More importantly, throughout his message to the Corinthian community, a community torn up by divisions, Paul advocates putting aside hierarchies and status markers to be united in love.  Talking about the Christian community and not about couples, Paul proclaims in 1 Corinthians 13,
4 Love is patient, love is kind. It does not envy, it does not boast, it is not proud. 5 It is not rude, it is not self-seeking, it is not easily angered, it keeps no record of wrongs. 6 Love does not delight in evil but rejoices with the truth. 7 It always protects, always trusts, always hopes, always perseveres. 8 Love never fails.

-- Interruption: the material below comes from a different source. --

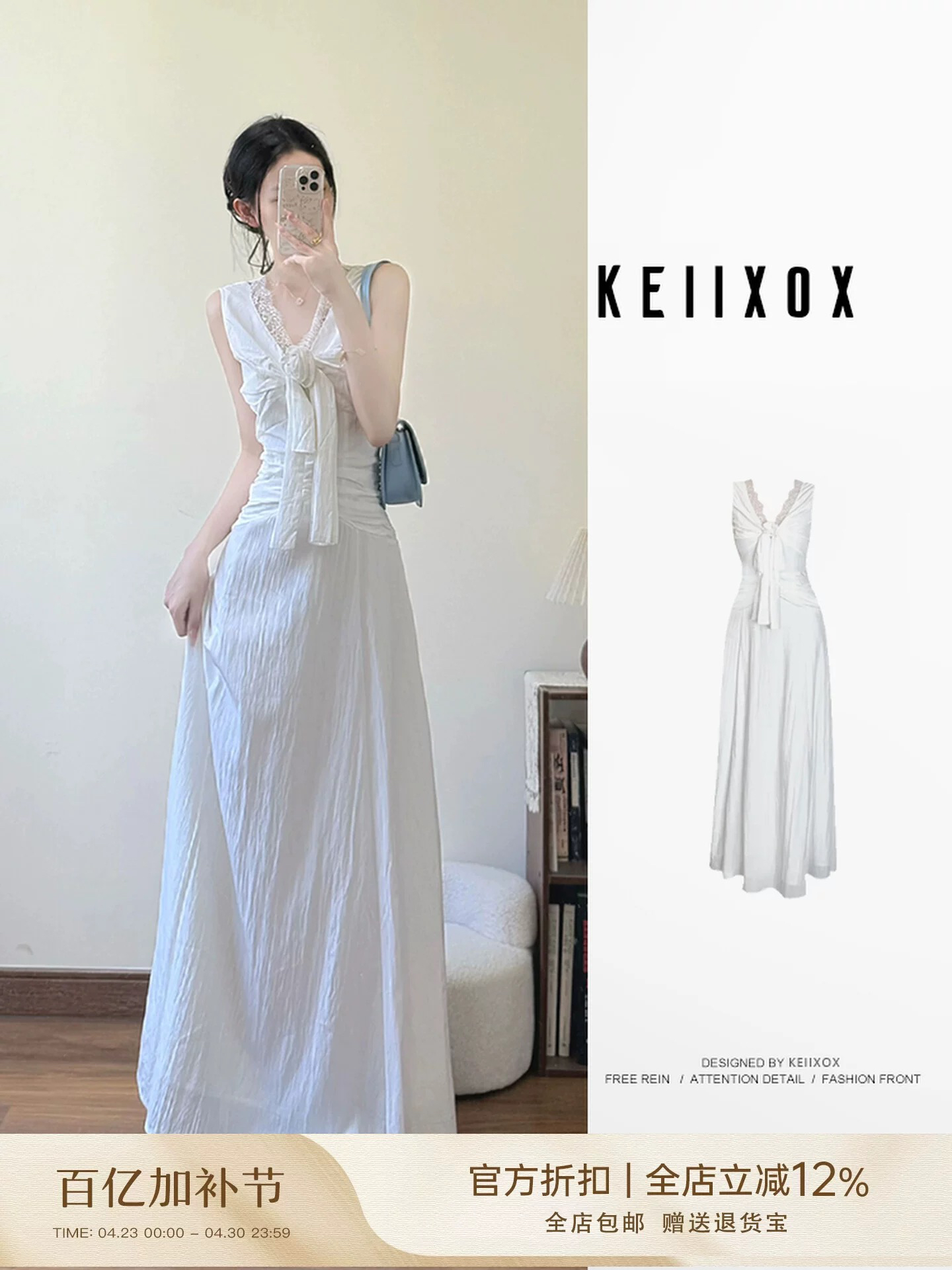 V넥 프랑스식 민소매 여성 드레스 여름 화이트 몸매 가꾸기 한 마디 롱 스커트 디자인 센스 작은 대중 치마

For Paul, the greatest virtue is love within the community and not love in marriage. 
I’m sharing these perspectives with you to underscore two things.  First, the Bible as a whole and the New Testament in particular does not offer an unequivocal picture of marriage and family.  Just as it does not commend same-sex marriage, it does not offer a pro-marriage, vision.  It does not idealize or idolize the image of one man and one woman, as some would argue.  Second, the writings of the New Testament, including the Gospels and the Pauline letters, subordinate social relationships, such as marriage, to love, love of neighbor and love within the community.  I hope that as you listen to perspectives on Amendment One, you think carefully about how people use the biblical texts to justify their position.  The Bible is not a tool for arguing for or against other-sexed or same-sex marriage. 
Speaking personally, as someone within the Christian community, my fear is that Amendment One runs the risk of bringing animosity between neighbors and dividing communities.  To pass legislation which is redundant, to go out of the way to amend the Constitution with the only outcome being the reassertion that one group has rights and privileges that another group does not have is antithetical to love.  It is hurtful and hateful.